Se levanta temprano. Antes de entrar a la oficina del fondo, ha atendido sus deberes domésticos, comprado La Jornada y dejado al chico en el colegio. Lleva la corbata del uniforme invariablemente mal alineada: él sabe que es un inconsciente triunfo de la libertad de su alma que el oficio de burócrata no deja de tratar de pisotear de lunes a viernes. El sistema escolar debe contar un triunfo en él. Es un excelente funcionario: disciplinado, obediente, recatado, pulcro —salvo el detalle de la corbata— y lo suficientemente sumiso. Casi nunca deja trabajo pendiente, ni da motivo de mayores reprimendas. No parece querer escalar más en la pirámide de las gracias que deja el erario.

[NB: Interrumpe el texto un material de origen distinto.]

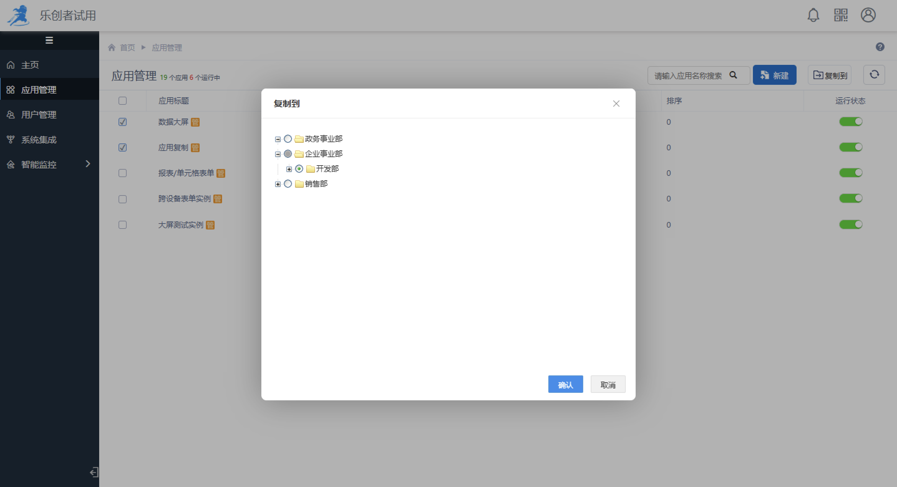 选择后确定将会把所选应用复制到对应机构中,复制的内容包括,应用的配置、状态以及设计的相关功能,其中,用户对岗位、个人空间信息、云表单配置、报表结果信息、知识项权限配置不进行复制。
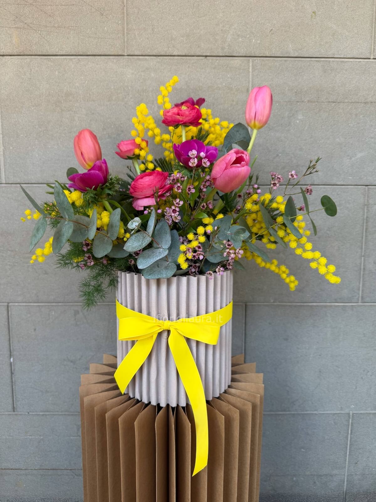 Il bouquet è sistemato in un contenitore cilindrico color tortora con superficie ondulata, decorato da un grande fiocco giallo brillante che richiama la mimosa e rende il tutto ancora più festoso. La base in carta kraft piegata a fisarmonica aggiunge un tocco moderno e artigianale.
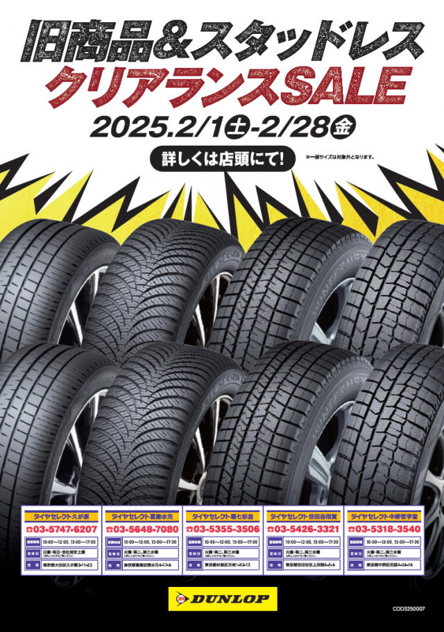 こんにちはタイヤセレクト世田谷用賀です。 クリアランスセールも残りあと本日と明日の2日間になりました。 タイヤをお安く購入出来るチャンスなので是非ご利用下さい。
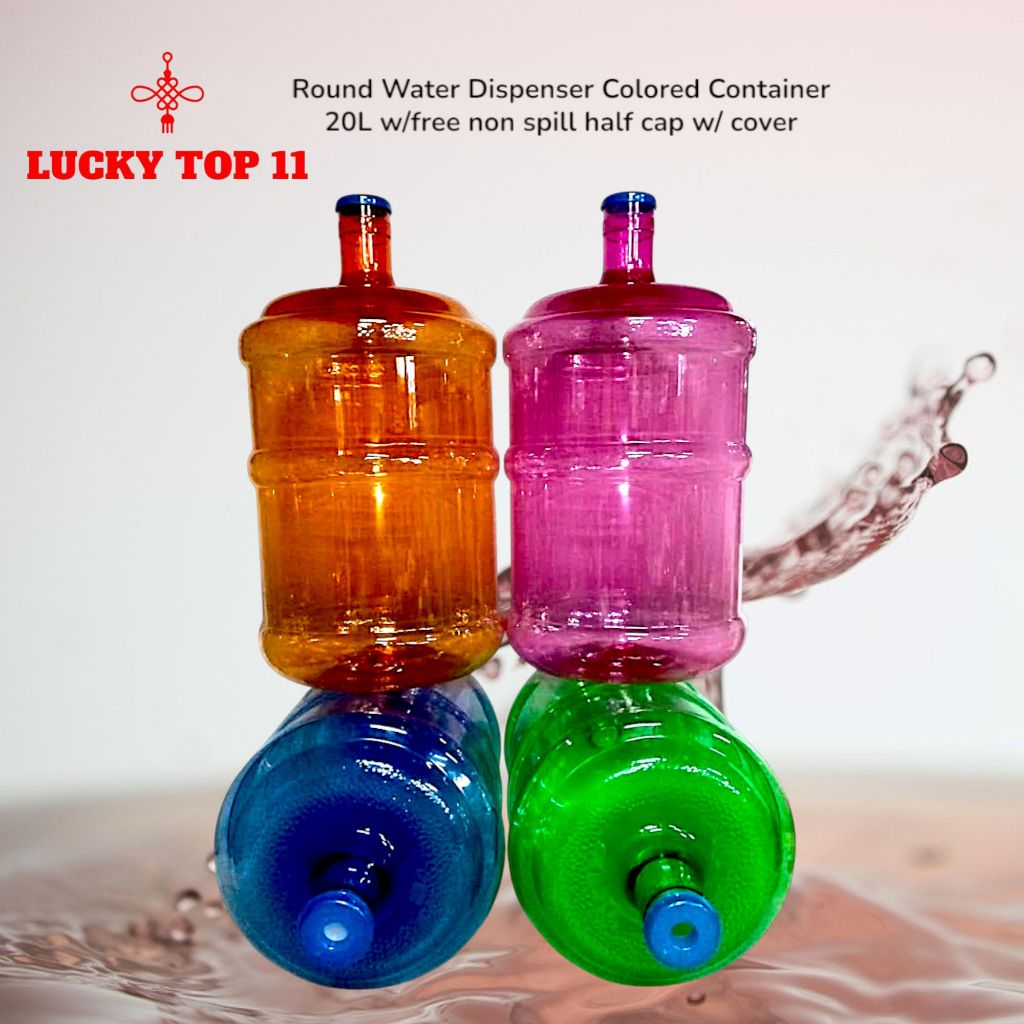 Round Water Dispenser 20L or 5Gallon Colored Container W/FREE non spill half cap w/cover
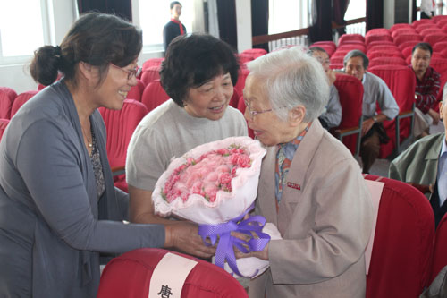 歌声中,沈献民、万晶代表我班同学快步走下舞台,把一束鲜花献给当年我们的老班主任——已九十三岁高龄的龙凤超老师,并和她紧紧拥抱,感谢她的教育之恩。顿时会场上响起热烈的掌声!我们台上不少同学的眼眶湿润了,嗓子哽咽了。
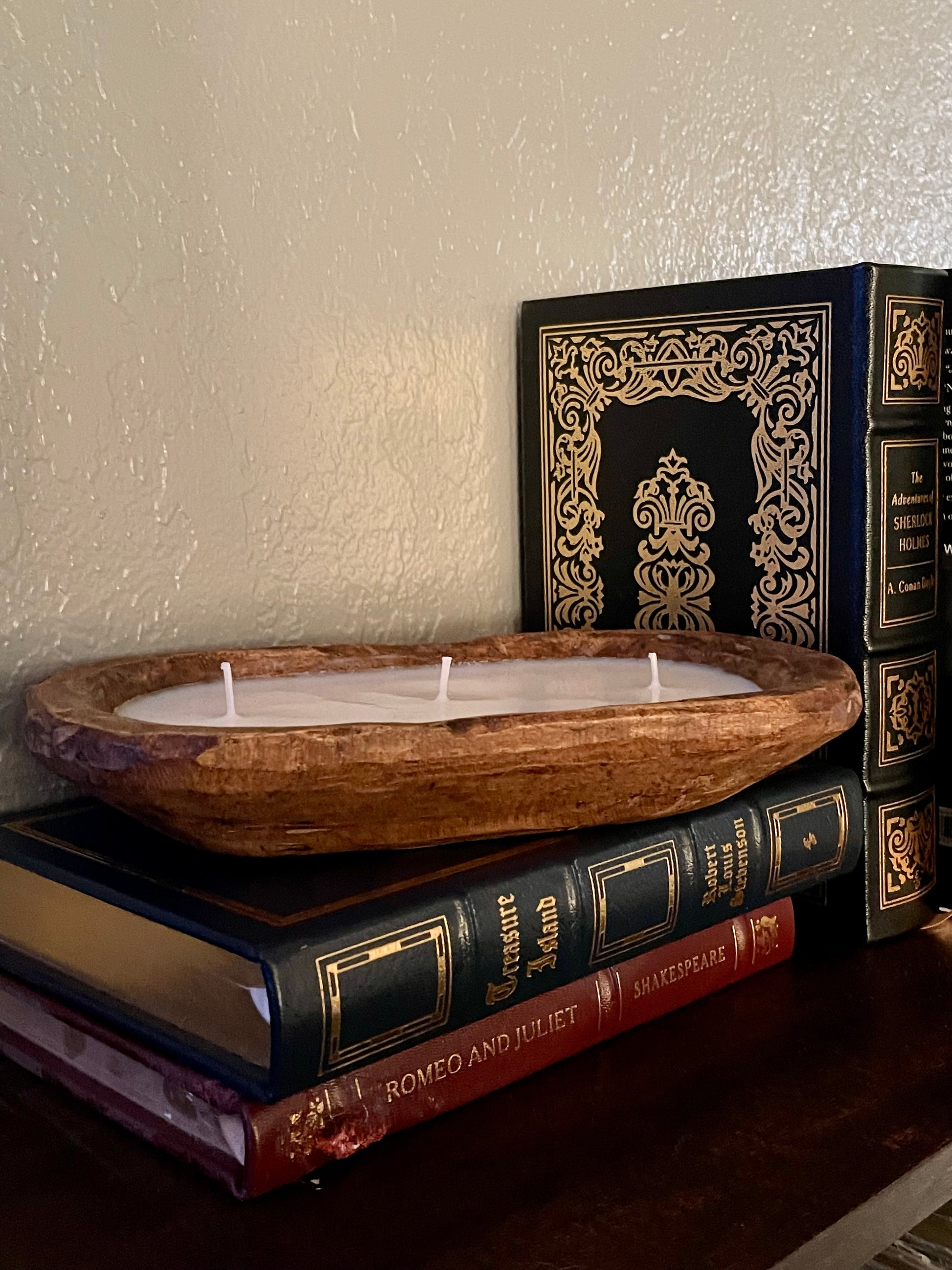 📸 Note: Product photo shown is representative of the dough bowl shape. All scents use the same size and style of bowl. Wood grain, wax tone, and finish may vary slightly — each one is uniquely beautiful.
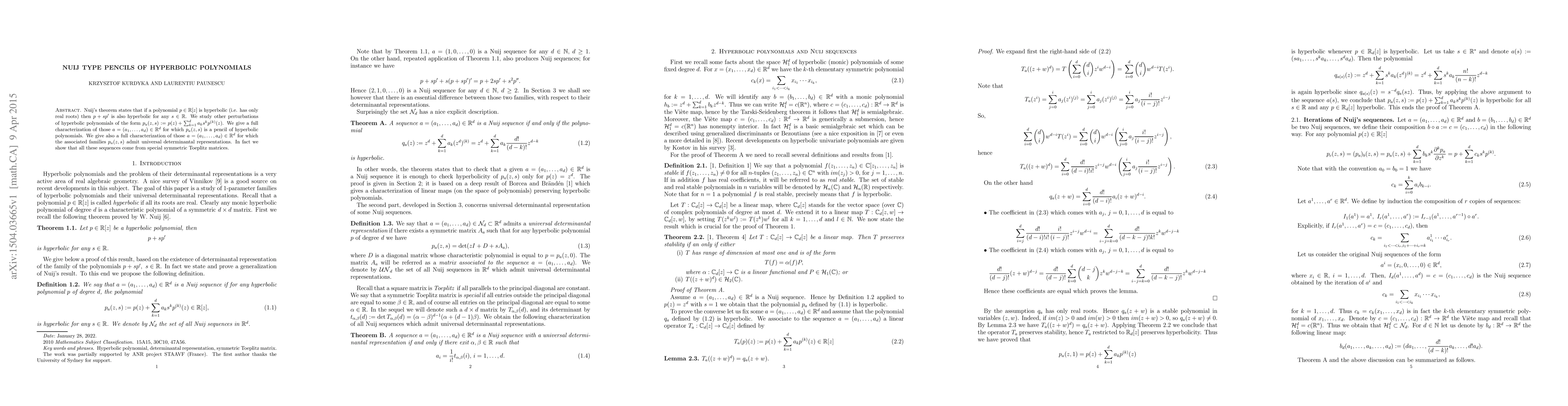 Nuij's theorem states that if a polynomial $p\in \mathbb{R}[z]$ is hyperbolic (i.e., has only real roots) then $p+sp'$ is also hyperbolic for any $s\in \mathbb{R}$. We study other perturbations of hyperbolic polynomials of the form $p_a(z,s): =p(z) +\sum_{k=1}^d a_ks^kp^{(k)}(z)$. We give a full characterization of those $a= (a_1, \dots, a_d) \in \mathbb{R}^d$ for which $p_a(z,s)$ is a pencil of hyperbolic polynomials. We give also a full characterization of those $a= (a_1, \dots, a_d) \in \mathbb{R}^d$ for which the associated families $p_a(z,s)$ admit universal determinantal representations. In fact we show that all these sequences come from special symmetric Toeplitz matrices.
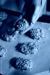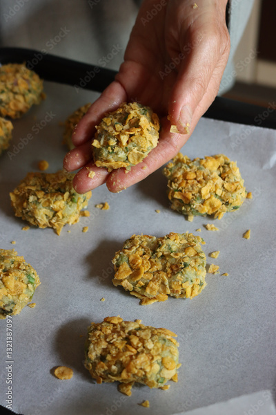 Close.-up of vegetarian balls made with zucchini and corn flakes on a baking tray
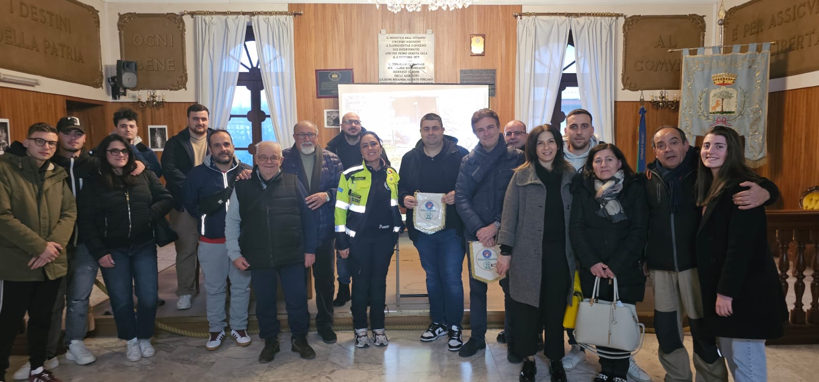 Al termine della lezione la Dott.ssa Sara Cicchella nel ringraziare l’Architetto Fiore e l’Assessore Comunale Iuliano, ha voluto omaggiare loro con il gagliardetto della Protezione Civile SIPEM SoS.
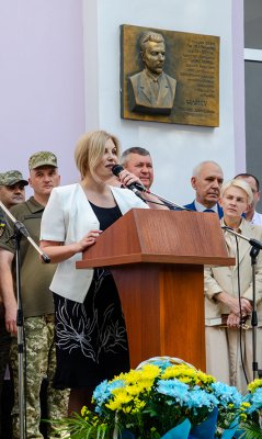 Головний лікар Військово-медичного клінічного центру Центрального регіону Пашковський Сергій Миколайович, який теж є випускником ВНМУ, привітав майбутніх колег, закликав їх добре вчитися й не забувати про тих, хто зараз захищає наше мирне буття на лінії фронту. На згадку про це він подарував університету привезений зі сходу герб України, викарбований кулями на зрізі дерева.
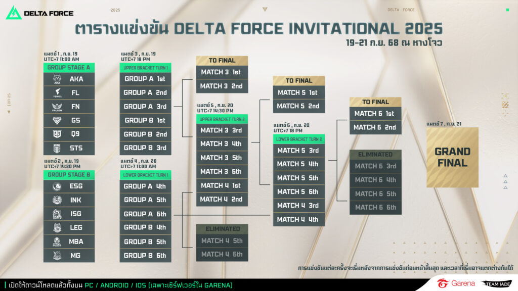 แฟน ๆ จากทั่วโลกสามารถร่วมชมการถ่ายทอดสดและส่งแรงเชียร์ให้กับตัวแทนทีมไทย ในการชิงชัยตำแหน่งแชมป์อันทรงเกียรติของรายการ Delta Force Invitational ติดตามรายละเอียดเพิ่มเติมและร่วมลุ้นความมันส์ไปพร้อมกัน!

Para los muy observadores, lo único que da a desconfiar es que siempre lleva un libro consigo y que, para colmo, lo lee a la menor oportunidad. Los despistados lo toman como una inofensiva rata de biblioteca, porque los despistados piensan que leer es sinónimo de estudiar. Los no despistados notan que los libros no son manuales, ni tratados, ni compendios de su profesión. Advierten que son cosas raras, porque, despistados o no, los funcionarios públicos son, por lo general, muy malos para conocer de libros. Pero sin saber si Muerte sin fin es un manual de tanatología o de brujería blanca, no les parece del todo bien que se lean cosas raras. No les parece prudente que alguien acompañe el desayuno con un periódico de revoltosos o con un libro raro. Algunos logran preguntar qué diablos es ese libro. La calma les vuelve cuando se enteran de que es poesía. Porque de inmediato los despistados y los no despistados piensan que la poesía es sinónimo de romanticismo, y los funcionarios no temen a los románticos, a condición de que los románticos además cumplan con sus deberes de trabajo. Y el hombre de la corbata chueca no tiene más problema en la oficina con eso de andar llevando libros consigo.
No lo tiene más, porque ha sabido esconder que el verdadero triunfo en él ha sido el de la lectura, y no el del sistema escolar. Se ampara en la profusión de la zafiedad, se escuda en las ideas que sugieren que quien se mete a leer se sume en la pasividad, en la conformidad, que se segrega, que se le puede descalificar por anodino y que, fundamentalmente, es por todo ello inofensivo.
El hombre de la oficina del fondo lee todo el tiempo que puede, lo hace con la claridad de saberse un perfecto perverso, lo que para él significa, en uno de los sentidos más recto de la palabra, que es perverso porque le gusta apartarse, desviarse, girar, ir al revés de lo prescrito. Sabe que no puede cambiar casi nada que no sea él mismo, pero trabaja con afán cada día para cambiarse más y más. Adora las rutinas y las reiteraciones —puede desayunar el mismo menú por años— al tiempo que odia ser el mismo cada día. Lee para transformarse, para abrazar nuevos sentimientos y emociones, para ser el anarquista pleno que no precisa de más organización que su propio sistema personal. Cuando puede, en uso de los recursos literarios de los que goza, trata de cambiar el exterior. Es un infiltrado, que derruye lenta pero decidida y sutilmente las bases del orden de los dominantes. Sigue leyendo para afinar sus armas, no tiene más parque que las letras, se sabe solo y nimio, pero no desfallece, porque ha leído que los imperios y los tiranos suelen caer con mayor facilidad por los aguijonazos certeros que por las imponentes asonadas multitudinarias. Lee para subvertirse y para subvertir, con la callada técnica que le ha dejado la lectura en silencio.